Likewise, in regard to Dacor's inspection, while Dacor did inspect the sample assembly before entering the contract with Sierra, we agree with the magistrate judge that the defect was not one which ought to have been revealed by such an examination. "[B]oth companies, sophisticated and safety-conscious, failed to anticipate the possibility of a shearing failure or the need to subject the assemblies to a test under shearing forces." S.A. 18. This indicates that the defect was not one which Dacor ought to have discovered. "[L]atent defects [cannot] be excluded by a simple examination." U.C.C. Sec. 2-316 Official Comment 8.

14

Finally, we are not convinced by Sierra's argument that Dacor, because it was a professional buyer, assumed the risk of product failure. Comment 8 to U.C.C. Sec. 2-316 provides: "A professional buyer examining a product in his field will be held to have assumed the risk as to all defects which a professional in the field ought to observe...." For the reasons just given, this defect was not the kind which a professional seller of breathing apparatus ought to observe.

15

There was no error in the conclusions that an implied warranty of merchantability had arisen between the parties and that it was breached.

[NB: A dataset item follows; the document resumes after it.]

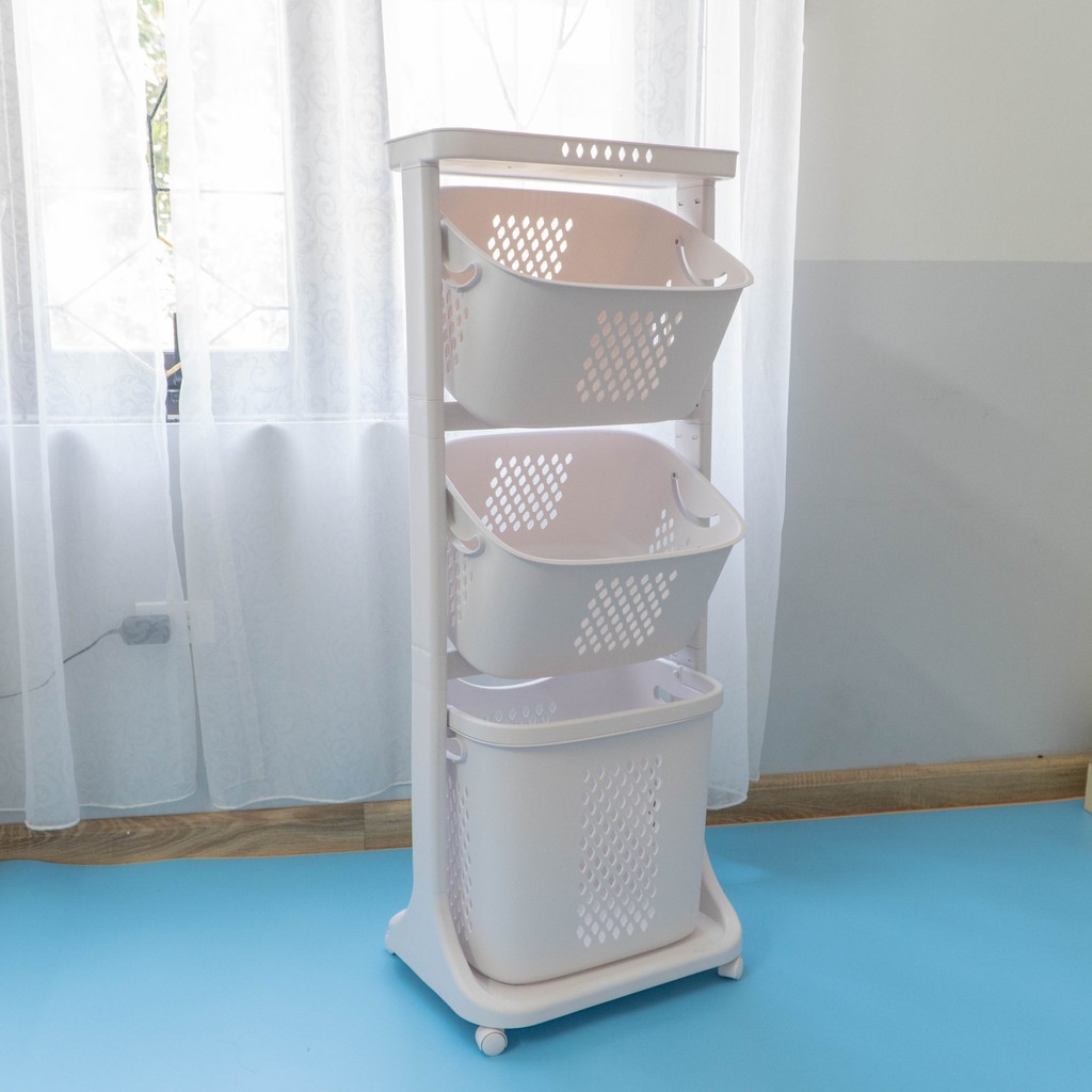 Với thiết kế chắc chắn, tinh tế & có 4 bánh xoay 360 độ giúp di chuyển dễ dàng, xe để đồ giặt 2 là sản phẩm lí tưởng giúp mẹ để quần áo bẩn và các đồ dùng khác một cách sạch sẽ & lịch sự cũng như vận chuyển dễ dàng đến nơi cần giặt.- Chất liệu: Nhựa PP cao cấp rất dày dặn & chắc chắn.

2. Accord and Satisfaction

16

In addition to its arguments concerning the implied warranty of merchantability, Sierra argues that at the July 8, 1987, meeting between the parties, in which responsibilities for the recall were allocated, an accord and satisfaction was reached regarding the costs of the recall. It is clear that the parties agreed at that meeting that Sierra would provide the materials for the recall and that Dacor would conduct it. From this Sierra invites us to conclude that the parties agreed that Sierra would pay for the materials for the recall and that Dacor would pay for the costs of conducting the recall. In support of this Sierra notes that the two parties expended approximately the same sum of money in performing their separate tasks. The magistrate judge found, however, that there had been no meeting of the minds with regard to the costs of the recall. S.A. 10. No witness could remember any explicit settlement of the cost issue, or even any discussion of cost allocation. The record therefore supports her inference that no agreement on this issue was reached. As a result, Dacor is not barred by an accord and satisfaction from seeking recovery of its recall expenses on the ground that Sierra breached its implied warranty of merchantability, and Sierra is not entitled to damages for breach of any contract of accord and satisfaction.

Conclusion

17

For the foregoing reasons, the judgment below is affirmed.